Task details: Each entry is to be reproduced verbatim, and images are to be omitted.

────────────────────────────────────────

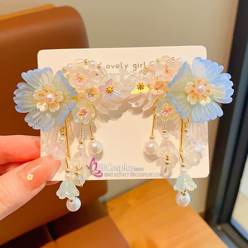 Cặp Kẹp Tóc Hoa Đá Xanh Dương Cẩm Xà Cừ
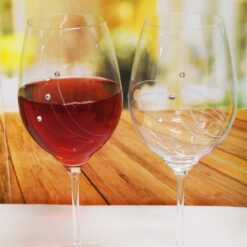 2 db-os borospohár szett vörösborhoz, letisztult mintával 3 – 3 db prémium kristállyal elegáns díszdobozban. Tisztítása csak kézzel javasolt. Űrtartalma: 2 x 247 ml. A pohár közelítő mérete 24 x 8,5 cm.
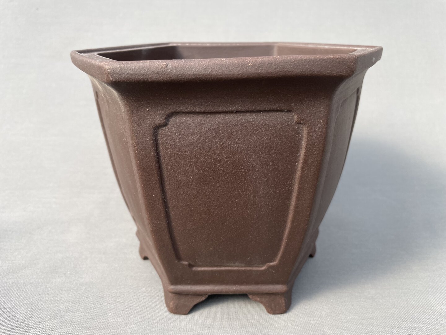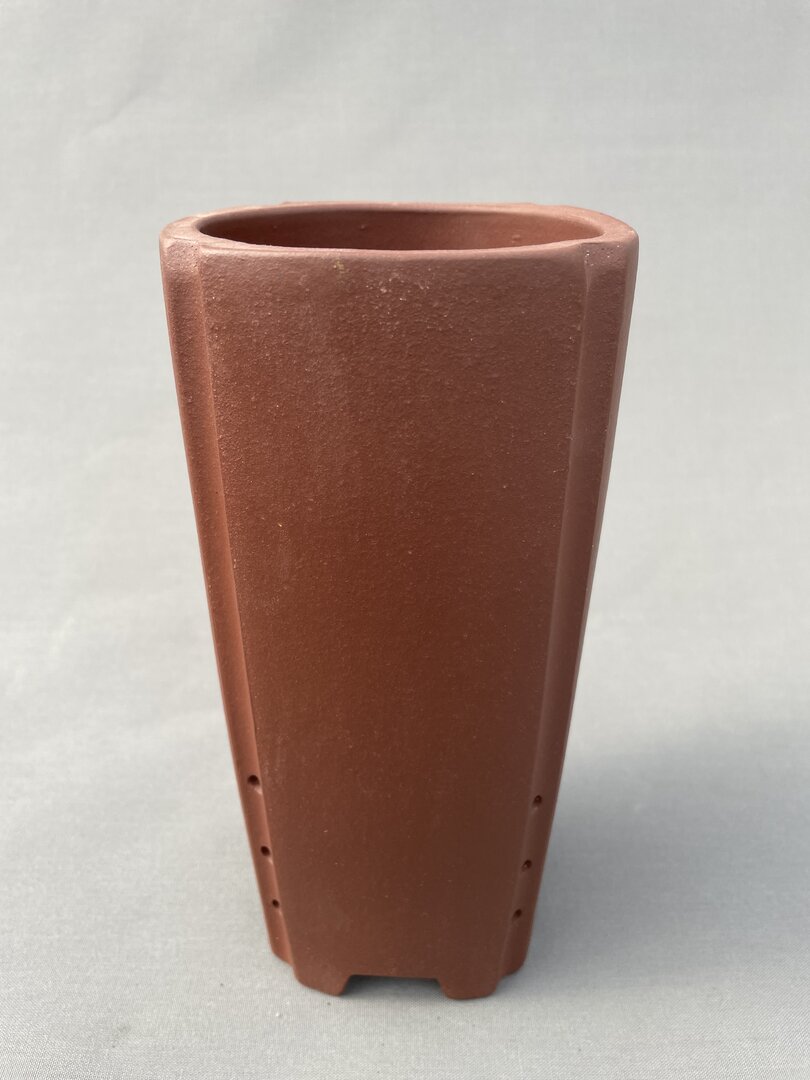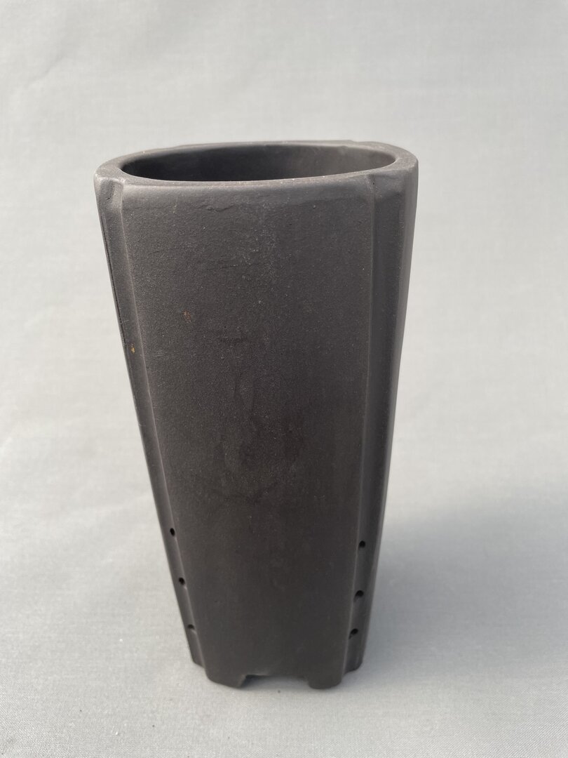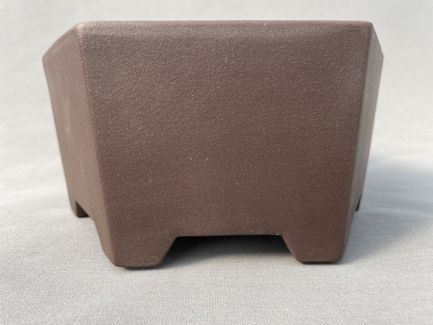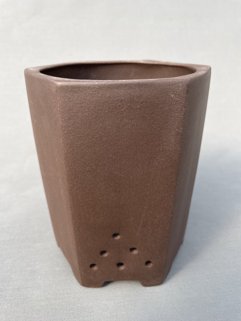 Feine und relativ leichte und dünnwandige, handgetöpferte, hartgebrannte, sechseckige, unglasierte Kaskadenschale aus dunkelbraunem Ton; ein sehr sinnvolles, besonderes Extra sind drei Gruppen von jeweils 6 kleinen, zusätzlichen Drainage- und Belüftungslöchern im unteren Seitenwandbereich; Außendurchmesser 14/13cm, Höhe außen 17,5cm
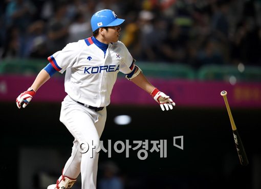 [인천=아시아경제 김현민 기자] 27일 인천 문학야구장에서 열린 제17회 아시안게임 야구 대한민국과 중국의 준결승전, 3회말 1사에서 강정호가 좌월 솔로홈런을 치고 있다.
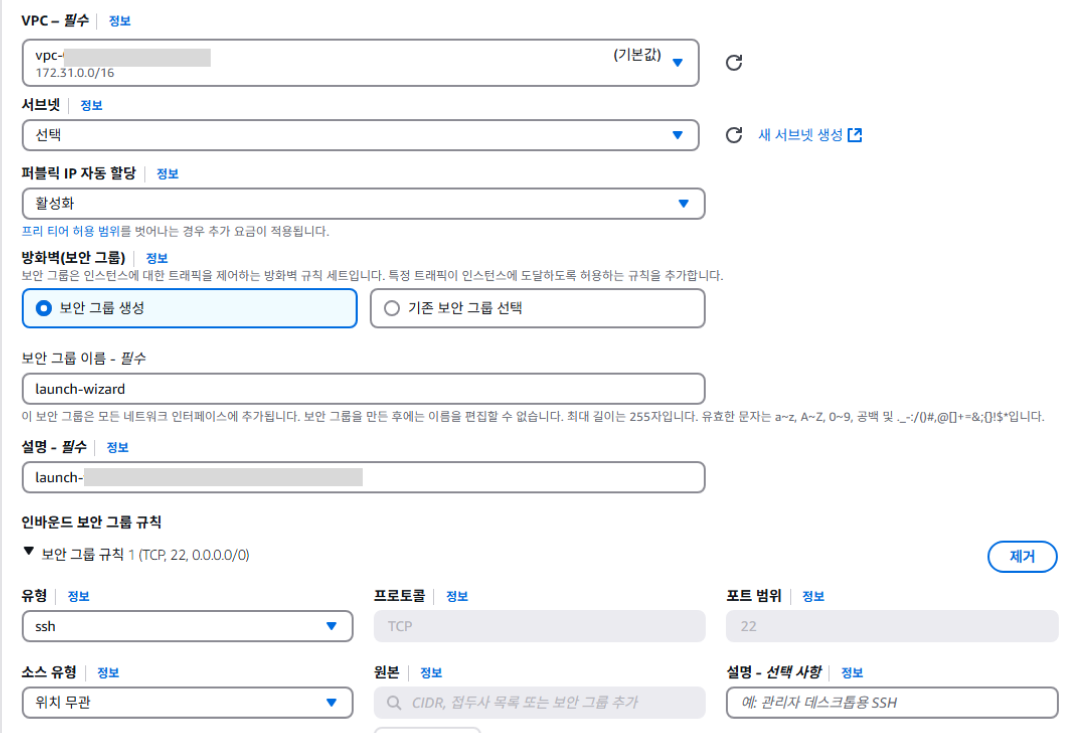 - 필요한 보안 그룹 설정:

────────────────────────────────────────

Answer to the exercise:
 Cặp Kẹp Tóc Hoa Đá Xanh Dương Cẩm Xà Cừ
 2 db-os borospohár szett vörösborhoz, letisztult mintával 3 – 3 db prémium kristállyal elegáns díszdobozban. Tisztítása csak kézzel javasolt. Űrtartalma: 2 x 247 ml. A pohár közelítő mérete 24 x 8,5 cm.
 Feine und relativ leichte und dünnwandige, handgetöpferte, hartgebrannte, sechseckige, unglasierte Kaskadenschale aus dunkelbraunem Ton; ein sehr sinnvolles, besonderes Extra sind drei Gruppen von jeweils 6 kleinen, zusätzlichen Drainage- und Belüftungslöchern im unteren Seitenwandbereich; Außendurchmesser 14/13cm, Höhe außen 17,5cm
 [인천=아시아경제 김현민 기자] 27일 인천 문학야구장에서 열린 제17회 아시안게임 야구 대한민국과 중국의 준결승전, 3회말 1사에서 강정호가 좌월 솔로홈런을 치고 있다.
 - 필요한 보안 그룹 설정:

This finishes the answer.